India’s infrastructure drive also extends to maritime connectivity and port development, but here too India’s concerns about China come to bear. New Delhi is suspicious of the strategic implications of China’s Maritime Silk Road, which brings Beijing closer toward India’s maritime boundary at a time when New Delhi’s eager to play a greater security role in the region. Even though Modi is keen to foster better economic ties with Beijing, New Delhi is well aware of the increasing strategic competition in the Indian Ocean region.
But Modi is looking beyond Beijing. During his address to the inaugural Maritime India summit in April this year, Modi emphasised India’s maritime heritage and the importance of strengthening the nation’s maritime capabilities and infrastructure. He concluded his enthusiastic speech with a call for greater engagement: ‘This is the right time to come to India; it is even better to come through the sea route.’ Modi wants new partners who can invest in India’s maritime sector, focusing on ship building and boosting existing port capacities.
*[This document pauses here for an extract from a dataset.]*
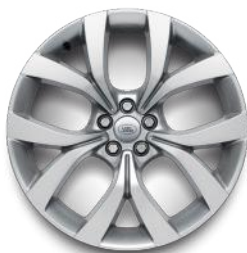
20" 5 Split-Spoke, 'Style 5076' with Gloss Sparkle Silver Finish
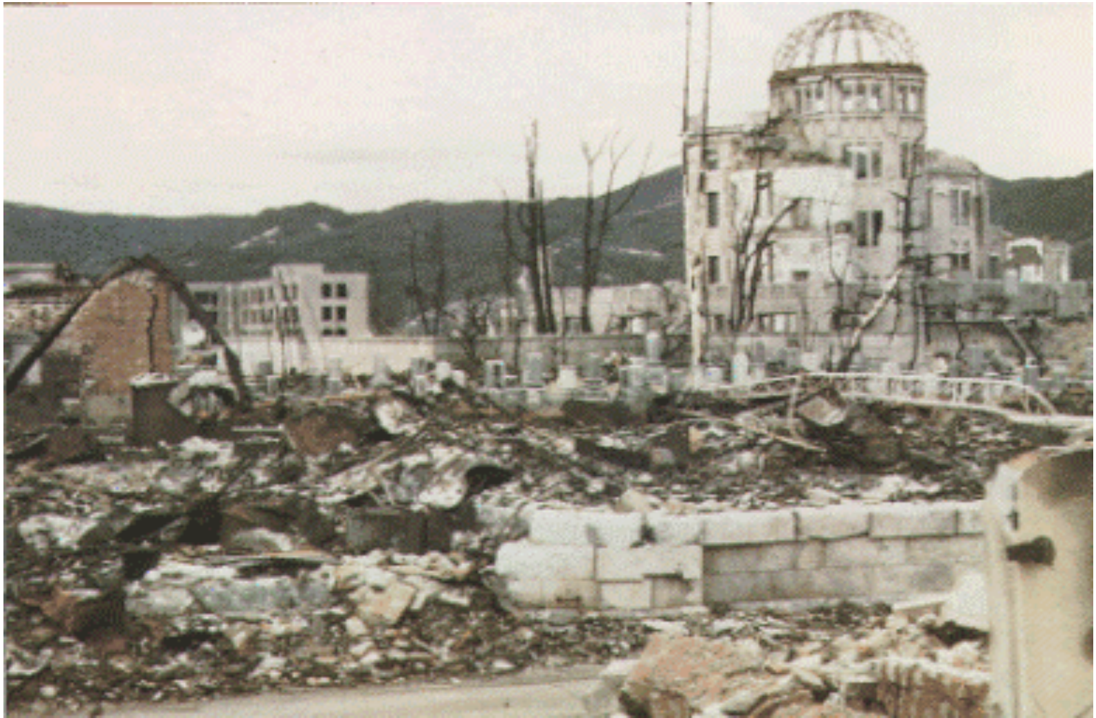
Hiroshima City after the Atomic Bombing

In pursuing active connectivity diplomacy, Modi is hoping to extend India’s success in collaborating with new and old international partners—relationships that he hopes to expand regionally over the coming years. Modi wants India to play a responsible and credible leadership role in the sub-continent and beyond. Connectivity projects in the region may well become a critical part of India’s soft power diplomacy.
The Indian Prime Minister’s new outlook, be it through the domestic or regional connectivity sphere or through the maritime domain, demands greater international engagement from a country which has functioned more or less in isolation for far too long. Delhi’s engagement at the global level is seen by some to be a shift in India’s non-alignment policy. While that’s true to a point, in reality the shift only represents the fresh outlook that’s necessary for India to play a more active role in shaping the region’s security architecture. Strategic engagement isn’t the same as strategic alignment, and New Delhi must be able to draw this distinction as it steps up connectivity collaboration with partners around the globe over the coming years.